By then, Harris was feeling the call of new territory. Starting with the premise of a young woman with a disability who wants to try inter-species dating, she created The Sookie Stackhouse urban fantasy series before there was a genre called “urban fantasy.” Telepathic barmaid Sookie Stackhouse works in a bar in the fictional northern Louisiana town of Bon Temps. The first book in the series, Dead Until Dark, won the Anthony Award for Best Paperback Mystery in 2001. Each subsequent book follows Sookie through adventures involving vampires, werewolves, and other supernatural creatures. The series, which ended in 2013, has been released in over thirty languages.

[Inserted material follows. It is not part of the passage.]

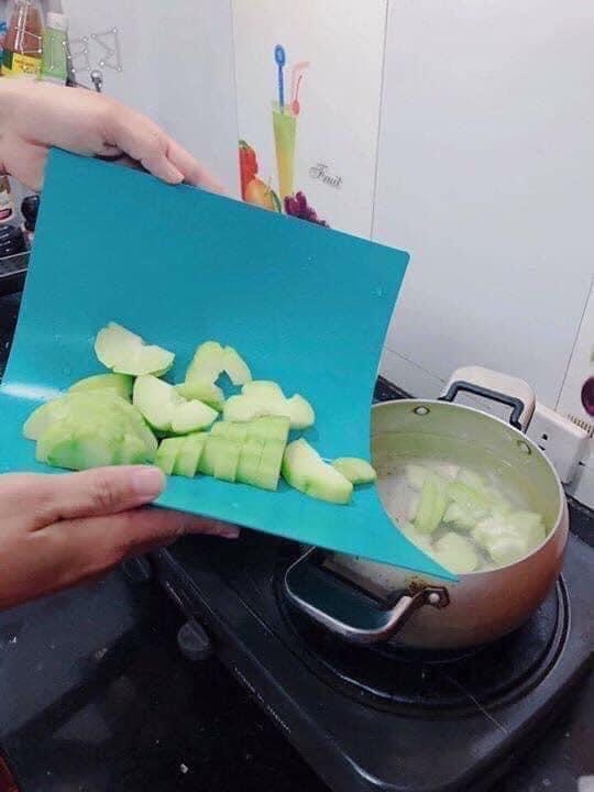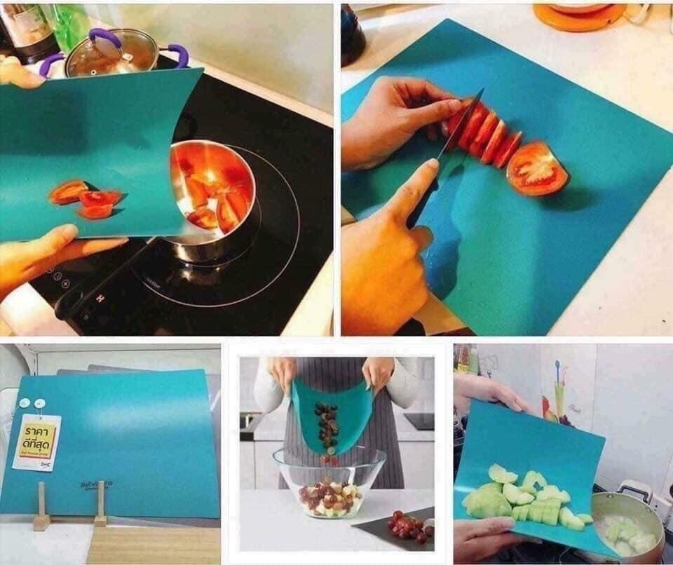 - Set gồm 2 cái như hình, thường dùng để cắt đồ sống và đồ chín riêng biệt - Thớt dẻo siêu mỏng nhẹ, cắt xong chỉ việc cuốn lại đổ vào, ko cần phải hớt hớt vừa mất thời gian vừa dễ rơi vãi nè

Sookie Stackhouse has proven to be so popular that Alan Ball, creator of the HBO television series Six Feet Under, announced he would undertake the production of a new HBO series based upon the  books  He wrote and directed the pilot episode for that series, True Blood, which premiered in September of 2008.

In October 2005, the first of Harris’s new mystery series about a young woman named Harper Connelly debuted with the release of Grave Sight. Harper has the ability to determine the cause of death of any body. After four novels, this series is on hiatus.

Now Harris is working on a trilogy of graphic novels with Christopher Golden and artist Don Kramer, “Cemetery Girl.” On her own she is writing a new series set in the small town of Midnight, Texas.

Harris has also co-edited a series of very popular anthologies with her friend Toni L.P. Kelner, aka Leigh Perry. The anthologies feature stories with an element of the supernatural, and the submissions come from a rare mixture of mystery and urban fantasy writers.

Professionally, Harris is a member of the Mystery Writers of America, the American Crime Writers League, Sisters in Crime, and the International Crime Writers Association. She is a past member of the boards of Sisters in Crime and MWA, and she has served as president of the MWA. She is also a member of Science Fiction Writers of America, Horror Writers Association, and Romance Writers of America, just to make sure she’s covered.

Personally, Harris has been married for many years. She mother of three wonderful children and the grandmother of two. She lives in central Texas, and when she is not writing her own books, she reads omnivorously. Her house is full of rescue dogs.



1 comment:

  1. This is my first time seeing a review for Midnight Crossroad. I love when murder mysteries have reveals that are genuinely surprising. Sorry the rest wasn't more entertaining. I'm not sure whether I'm going to read this one or not.